Unicode plane detection

 
Post new topic   Reply to topic    C++Talk.NET Forum Index -> C++ Language (Moderated)
View previous topic :: View next topic  
Author Message
Roger
Guest





PostPosted: Mon Oct 13, 2003 8:47 pm    Post subject: Unicode plane detection Reply with quote



I have a routine that is supposed to detect plane one unicode
characters (for a publisher - they want to detect them) embedded in an
xml file.
So far I've assumed UTF-8 encoding, so I am checking for the first
byte in a utf-8 multi-byte sequence. The code is as follows:
code starts >>
unsigned char inpx=0;
while ( (inp = getc(fd)) != EOF ) {
const int PLANE_ONE_UNICODE = 0x01;
// first byte of unicode sequence
inpx=inp;
if ( inpx >= 0xc0 && inpx <= 0xfd) {
int nb=0;
// find out how long the whole sequence is
if (inp & 0x80) {
nb++;
}
if (inp & 0x40) {
nb++;
}
if (inp & 0x20) {
nb++;
}
if (inp & 0x10) {
nb++;
}
printf("%d byte unicode is found %Xn",nb,inpx);
if (inp & PLANE_ONE_UNICODE ) {
printf("plane 1 char foundn");
}
}
}
Quote:
code Ends

This routine does not take account of surrogate pairs of utf-16
characters/bytes.
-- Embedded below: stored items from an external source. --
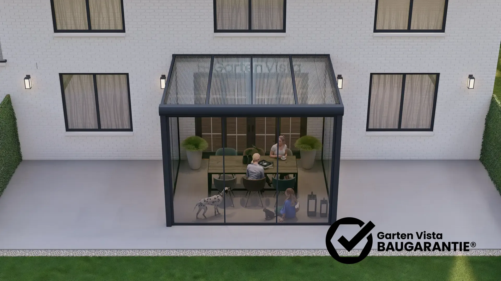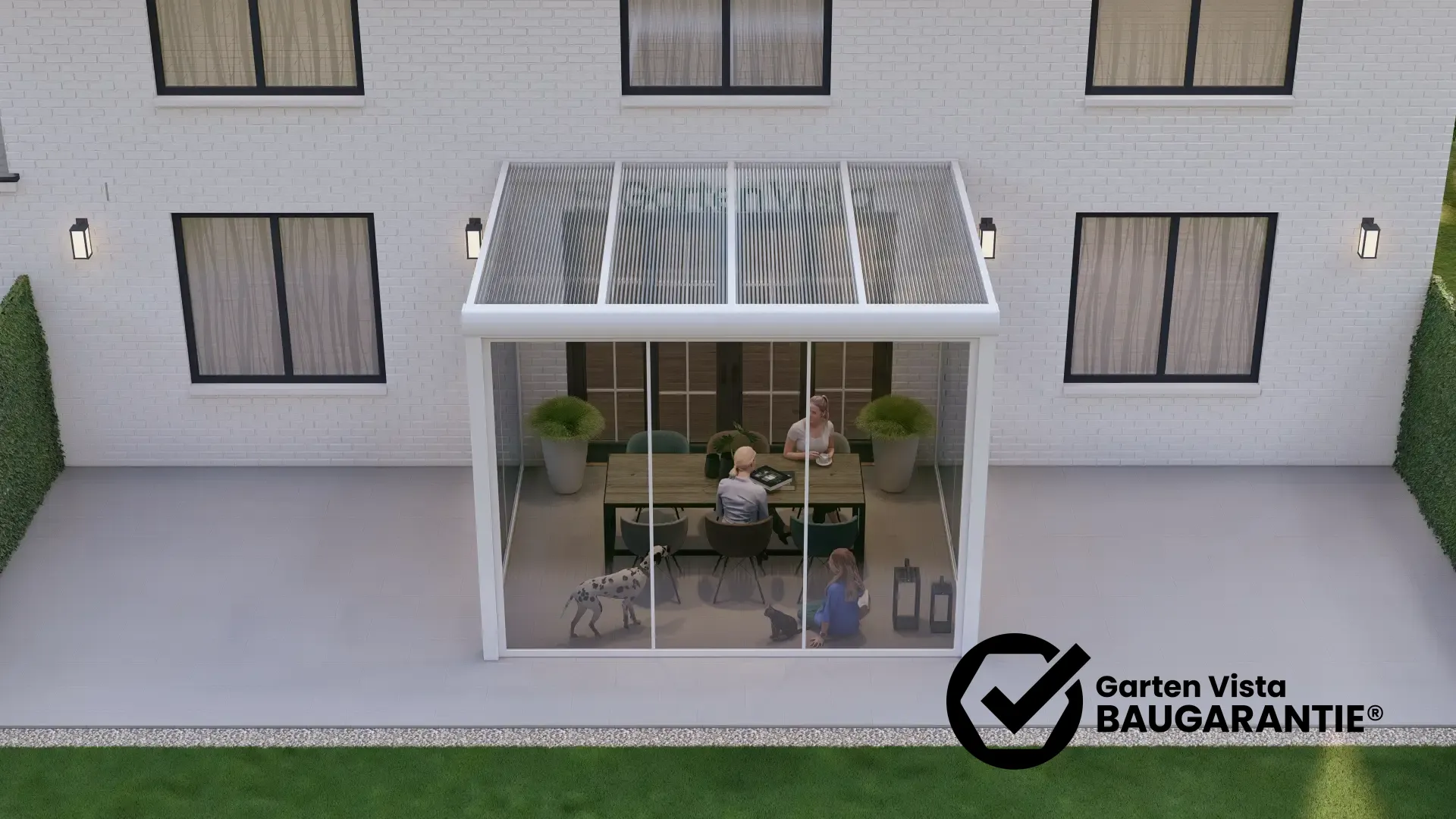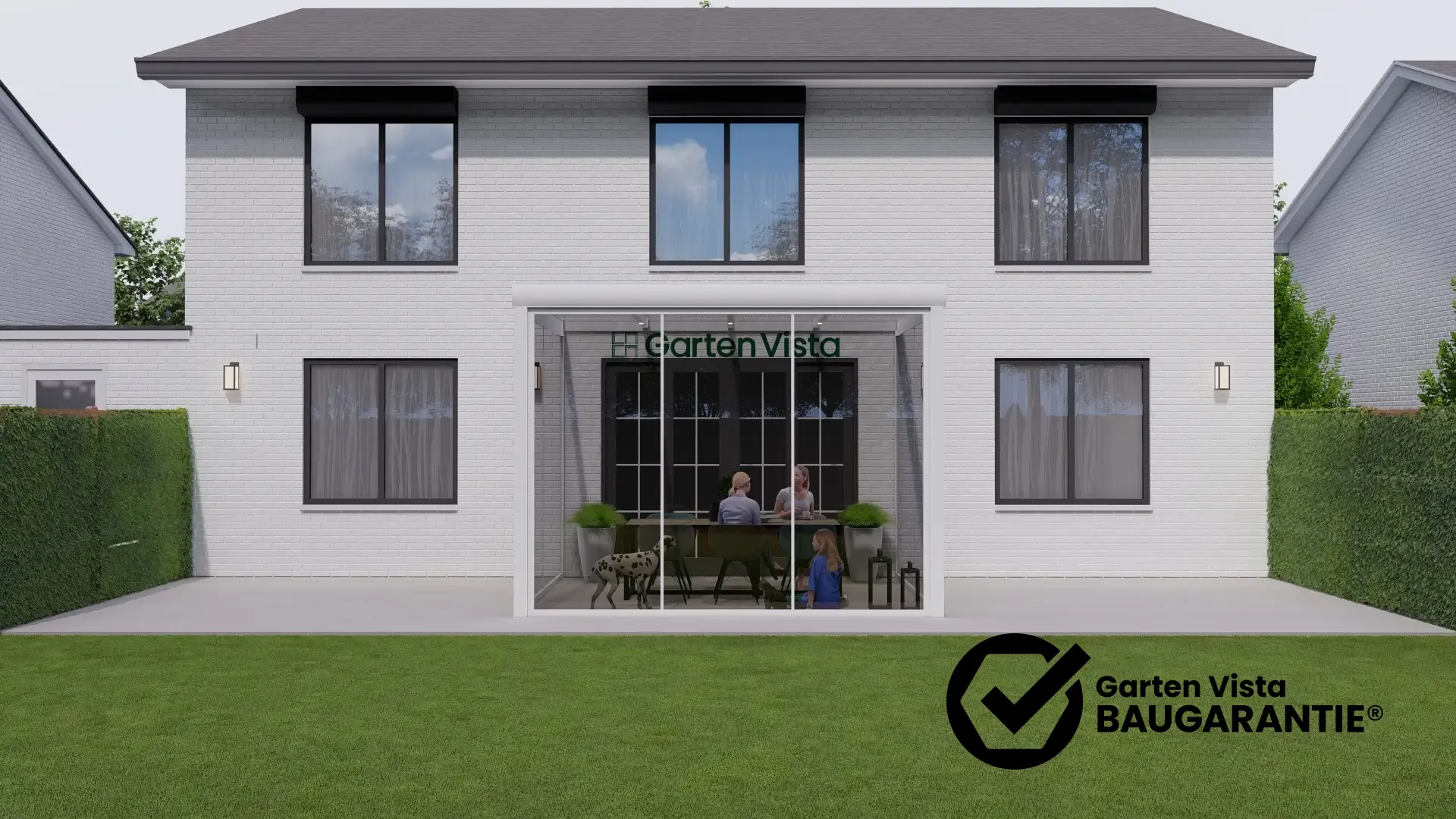 Verwandle deine Terrasse, Veranda oder deinen Balkon in einen hellen, geschützten Lieblingsplatz – mit dem 3-Schienen Glasschiebetür-System von Garten Vista.
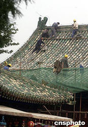 十月二十九日,京城皇家祭壇——地壇啟動有史以來規(guī)模最大、最完整的一次古建筑文物修繕工程。整個工程修繕面積達一萬九千八百平米,耗資四百余萬元人民幣,預(yù)計于二零零六年夏天完工。圖為建筑工人們在宰牲亭的屋頂局部進行修整。作者:韓藝冰
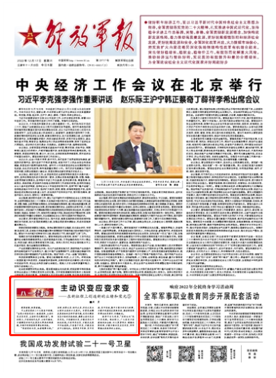 習主席在黨的二十大報告中強調,“全黨必須堅定信心、銳意進取,主動識變應變求變,主動防范化解風險”。新征程上,只有領時代先聲、立時代潮流,才能解答好時代發(fā)展變化帶來的新課題,不斷開創(chuàng)強國強軍事業(yè)新局面。
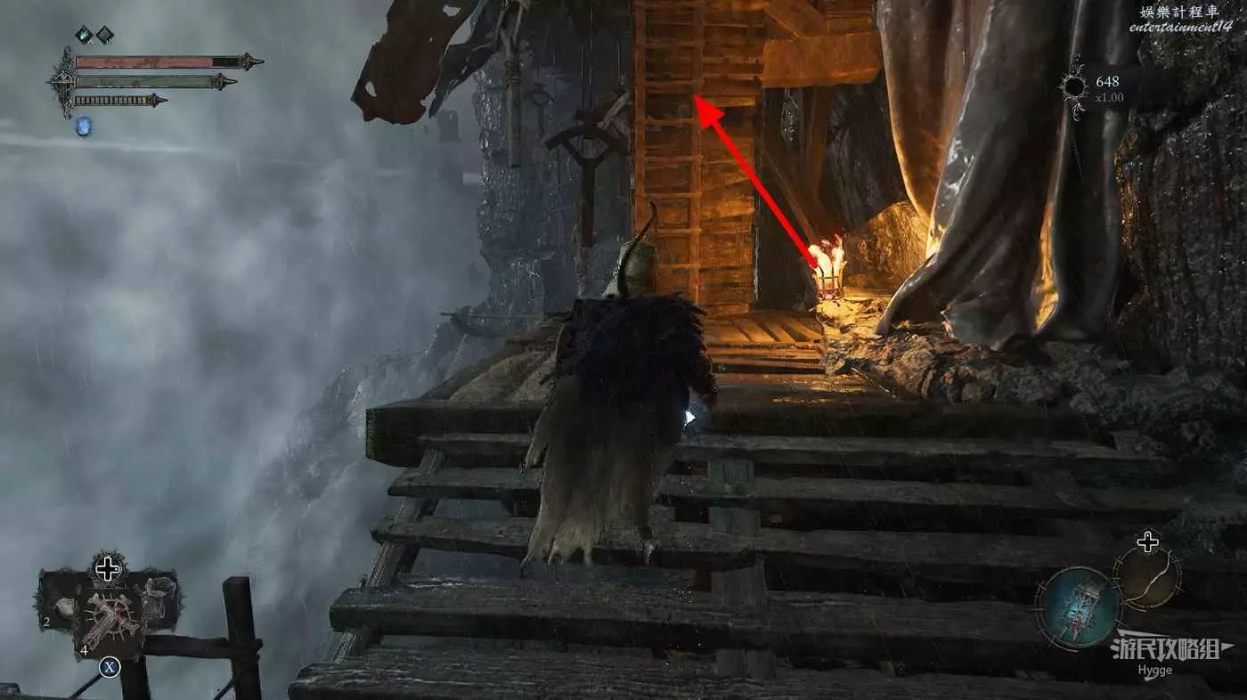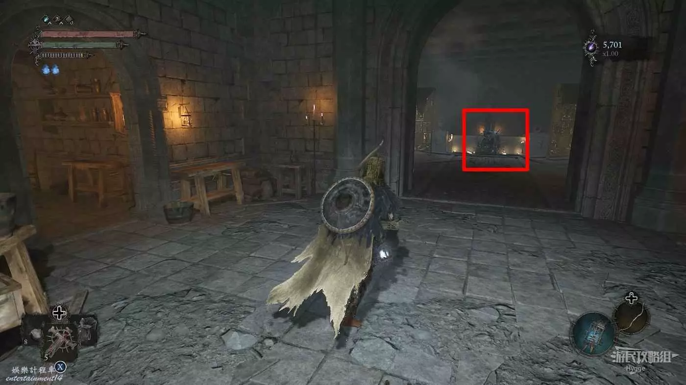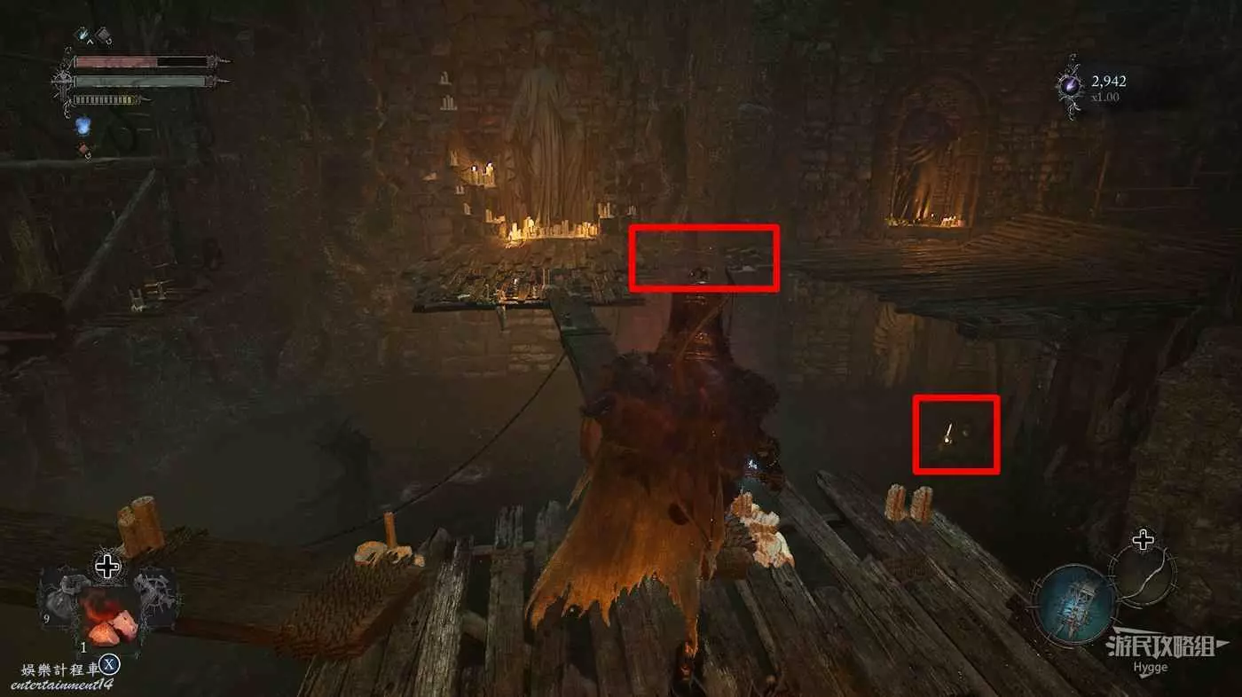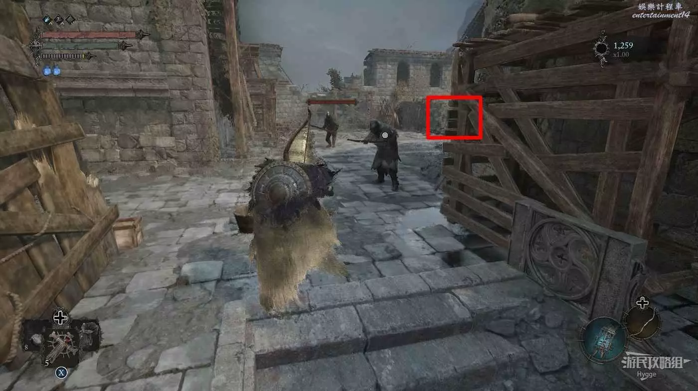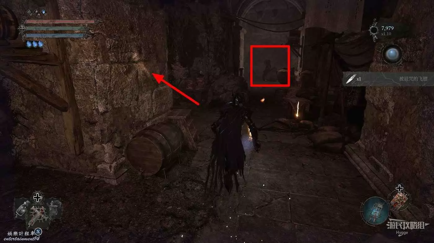 打破木板後通過提燈穿過柵欄,進入柵欄後的房間可以拿到一些武器強化素材。

Does anyone know of a C++ library that'll enable me
to process utf-8/16 encoded unicode? or can they offer some advice.
This code has to work on unix and W2k so I dare say there are byte
order issues to deal with too. The client has some Python code which
seems to have some unicode routines built in (e.g. ord()) - I've not
been able to find any equivalent routines for C++.
Anyone out there help me please? Virtual pint to those who can.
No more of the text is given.